Abstract

Objective:To determine whether selected features of the built environment can predict weight gain in a large longitudinal cohort of adults.Methods:Weight trajectories over a 5-year period were obtained from electronic health records for 115,260 insured patients aged 18–64 years in the Kaiser Permanente Washington health care system. Home addresses were geocoded using ArcGIS. Built environment variables were population, residential unit, and road intersection densities captured using Euclidean-based SmartMaps at 800-meter buffers. Counts of area supermarkets and fast food restaurants were obtained using network-based SmartMaps at 1,600, and 5,000-meter buffers. Property values were a measure of socioeconomic status. Linear mixed effects models tested whether built environment variables at baseline were associated with long-term weight gain, adjusting for sex, age, race/ethnicity, Medicaid insurance, body weight, and residential property values.Results:Built environment variables at baseline were associated with differences in baseline obesity prevalence and body mass index but had limited impact on weight trajectories.
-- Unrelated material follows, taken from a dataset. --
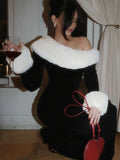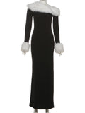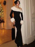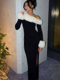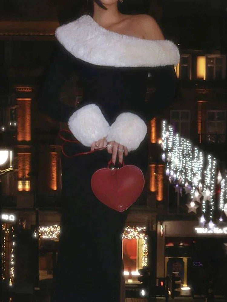Nibber Elegant Christmas Party Maxi Dress Woman Furry Patchwork Winter Trend Skew Collar Full Sleeve Skinny Robe Style Vestidos
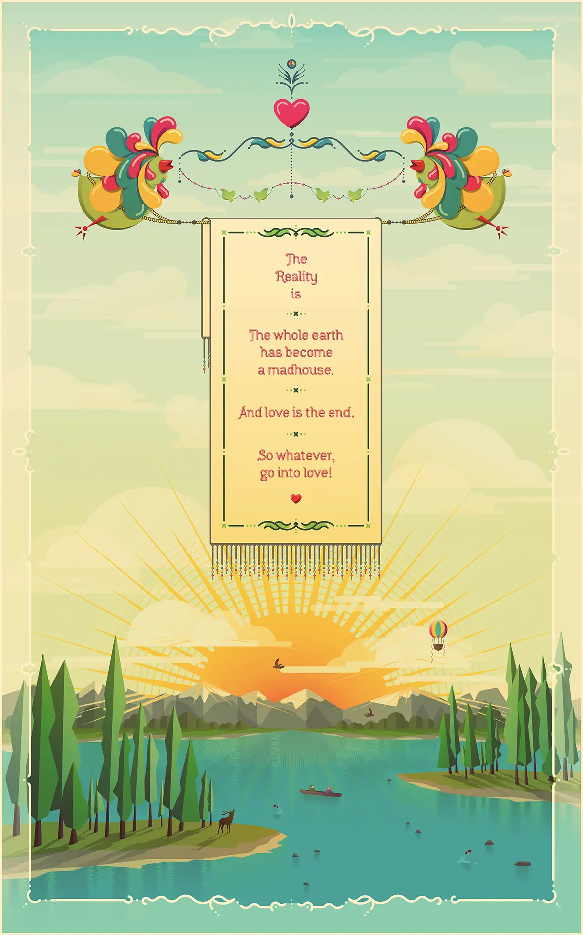 Das Bild (und auch die Aussage, die “verkündet” wird) soll durch die Farb- und Lichtstimmung eine angenehme Wirkung erzielen. Das Bild wurde in Illustrator erstellt und ausschliesslich harte Kanten verwendet, was beispielsweise beim Wasser eine Herausforderung darstellte.

Mean weight gain for the full cohort was 0.06 kilograms at 1 year (95% CI: 0.03, 0.10); 0.64 kilograms at 3 years (95% CI: 0.59, 0.68), and 0.95 kilograms at 5 years (95% CI: 0.90, 1.00). In adjusted regression models, the top tertile of density metrics and frequency counts were associated with lower weight gain at 5 years follow-up compared to the bottom tertiles, though the mean differences in weight change for each follow-up year (1, 3, and 5) did not exceed 0.5 kilograms.Conclusion:Built environment variables that were associated with higher obesity prevalence at baseline had limited independent obesogenic power with respect to weight gain over time. Residential unit density had the strongest negative association with weight gain. Future work on the influence of built environment variables on health should also examine social context, including residential segregation and residential mobility.